WORK INSTRUCTION
Exactly as they appear, retype the lines from the one containing "- M192 – Mobile" through the final line of the data below. Leave pictures out.

[Dataset items]
[Start of section]
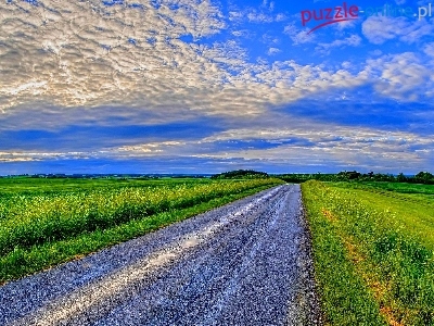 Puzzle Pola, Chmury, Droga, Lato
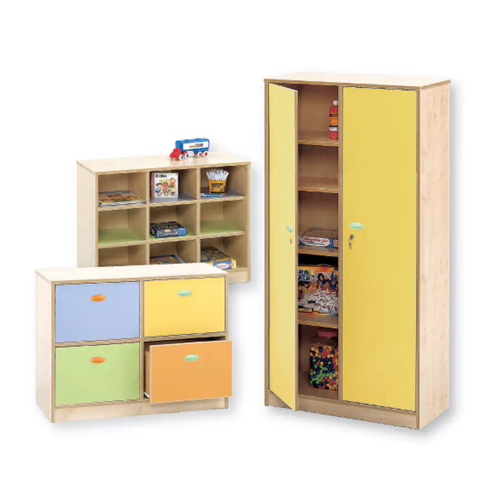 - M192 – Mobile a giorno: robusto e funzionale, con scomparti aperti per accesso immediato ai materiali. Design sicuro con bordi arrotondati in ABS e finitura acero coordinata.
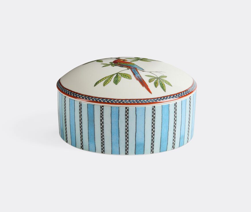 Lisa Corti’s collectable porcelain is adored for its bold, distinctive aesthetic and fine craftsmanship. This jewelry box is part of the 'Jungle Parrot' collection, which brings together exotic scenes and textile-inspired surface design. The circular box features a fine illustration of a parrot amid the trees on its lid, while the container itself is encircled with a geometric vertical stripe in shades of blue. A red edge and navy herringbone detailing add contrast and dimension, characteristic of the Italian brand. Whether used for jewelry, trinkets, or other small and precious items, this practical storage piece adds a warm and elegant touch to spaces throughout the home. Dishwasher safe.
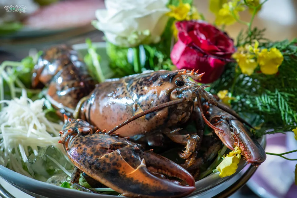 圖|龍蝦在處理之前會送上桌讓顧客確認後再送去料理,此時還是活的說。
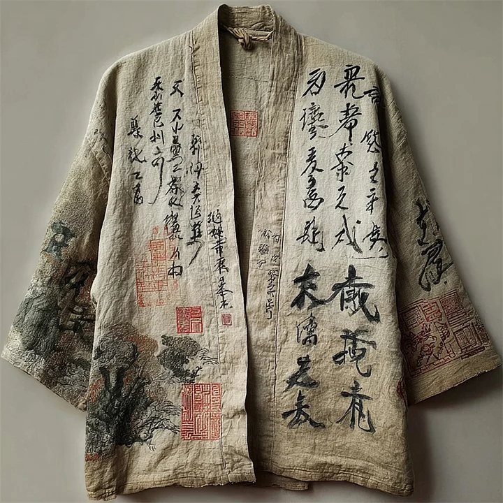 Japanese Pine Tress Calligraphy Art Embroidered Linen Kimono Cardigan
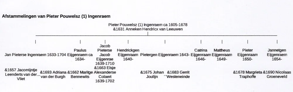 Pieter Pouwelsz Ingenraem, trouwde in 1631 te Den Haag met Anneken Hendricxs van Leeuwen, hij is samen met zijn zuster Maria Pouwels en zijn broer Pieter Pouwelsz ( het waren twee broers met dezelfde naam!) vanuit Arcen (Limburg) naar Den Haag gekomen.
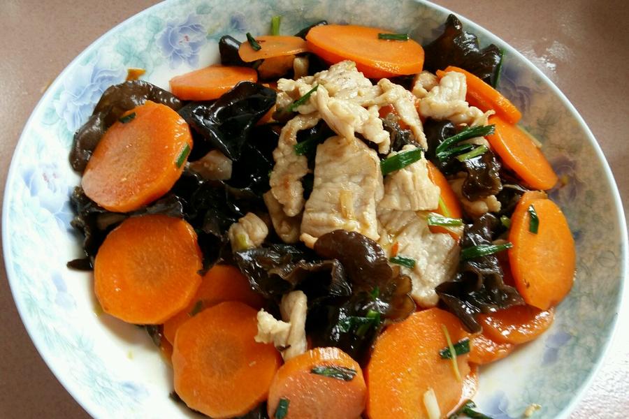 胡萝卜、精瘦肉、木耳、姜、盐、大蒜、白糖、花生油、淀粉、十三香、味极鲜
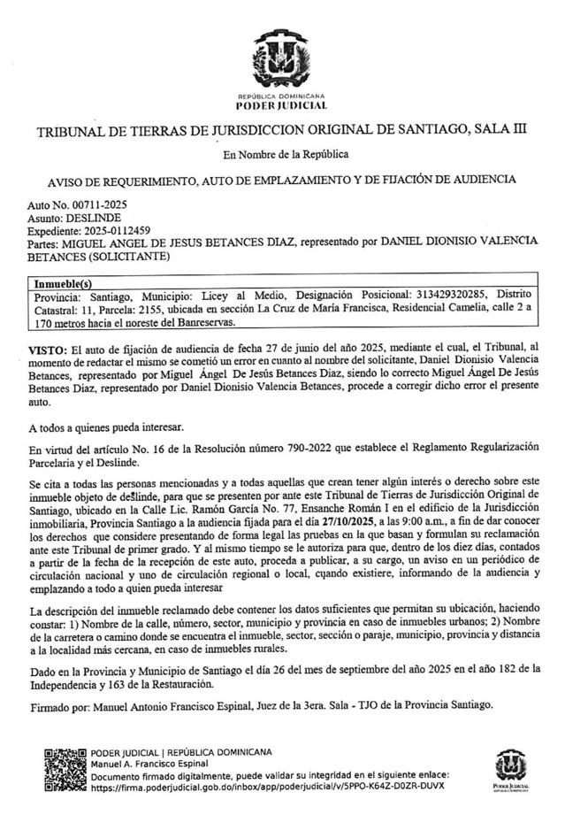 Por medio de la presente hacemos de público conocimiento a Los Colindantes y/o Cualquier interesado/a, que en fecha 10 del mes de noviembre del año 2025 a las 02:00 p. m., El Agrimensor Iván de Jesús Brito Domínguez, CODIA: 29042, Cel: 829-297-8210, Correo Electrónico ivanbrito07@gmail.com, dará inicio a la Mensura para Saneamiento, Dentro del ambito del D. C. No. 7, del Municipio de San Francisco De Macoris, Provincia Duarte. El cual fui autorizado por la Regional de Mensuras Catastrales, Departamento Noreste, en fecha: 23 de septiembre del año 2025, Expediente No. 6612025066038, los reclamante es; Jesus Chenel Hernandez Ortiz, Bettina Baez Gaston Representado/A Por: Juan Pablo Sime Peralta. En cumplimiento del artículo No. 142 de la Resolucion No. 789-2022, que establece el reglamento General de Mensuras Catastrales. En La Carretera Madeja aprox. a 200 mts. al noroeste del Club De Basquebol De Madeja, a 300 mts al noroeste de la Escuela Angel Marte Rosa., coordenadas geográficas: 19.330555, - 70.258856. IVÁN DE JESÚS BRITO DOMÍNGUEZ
[End of section]
RESULT FOR THIS EXERCISE
 - M192 – Mobile a giorno: robusto e funzionale, con scomparti aperti per accesso immediato ai materiali. Design sicuro con bordi arrotondati in ABS e finitura acero coordinata.
 Lisa Corti’s collectable porcelain is adored for its bold, distinctive aesthetic and fine craftsmanship. This jewelry box is part of the 'Jungle Parrot' collection, which brings together exotic scenes and textile-inspired surface design. The circular box features a fine illustration of a parrot amid the trees on its lid, while the container itself is encircled with a geometric vertical stripe in shades of blue. A red edge and navy herringbone detailing add contrast and dimension, characteristic of the Italian brand. Whether used for jewelry, trinkets, or other small and precious items, this practical storage piece adds a warm and elegant touch to spaces throughout the home. Dishwasher safe.
 圖|龍蝦在處理之前會送上桌讓顧客確認後再送去料理,此時還是活的說。
 Japanese Pine Tress Calligraphy Art Embroidered Linen Kimono Cardigan
 Pieter Pouwelsz Ingenraem, trouwde in 1631 te Den Haag met Anneken Hendricxs van Leeuwen, hij is samen met zijn zuster Maria Pouwels en zijn broer Pieter Pouwelsz ( het waren twee broers met dezelfde naam!) vanuit Arcen (Limburg) naar Den Haag gekomen.
 胡萝卜、精瘦肉、木耳、姜、盐、大蒜、白糖、花生油、淀粉、十三香、味极鲜
 Por medio de la presente hacemos de público conocimiento a Los Colindantes y/o Cualquier interesado/a, que en fecha 10 del mes de noviembre del año 2025 a las 02:00 p. m., El Agrimensor Iván de Jesús Brito Domínguez, CODIA: 29042, Cel: 829-297-8210, Correo Electrónico ivanbrito07@gmail.com, dará inicio a la Mensura para Saneamiento, Dentro del ambito del D. C. No. 7, del Municipio de San Francisco De Macoris, Provincia Duarte. El cual fui autorizado por la Regional de Mensuras Catastrales, Departamento Noreste, en fecha: 23 de septiembre del año 2025, Expediente No. 6612025066038, los reclamante es; Jesus Chenel Hernandez Ortiz, Bettina Baez Gaston Representado/A Por: Juan Pablo Sime Peralta. En cumplimiento del artículo No. 142 de la Resolucion No. 789-2022, que establece el reglamento General de Mensuras Catastrales. En La Carretera Madeja aprox. a 200 mts. al noroeste del Club De Basquebol De Madeja, a 300 mts al noroeste de la Escuela Angel Marte Rosa., coordenadas geográficas: 19.330555, - 70.258856. IVÁN DE JESÚS BRITO DOMÍNGUEZ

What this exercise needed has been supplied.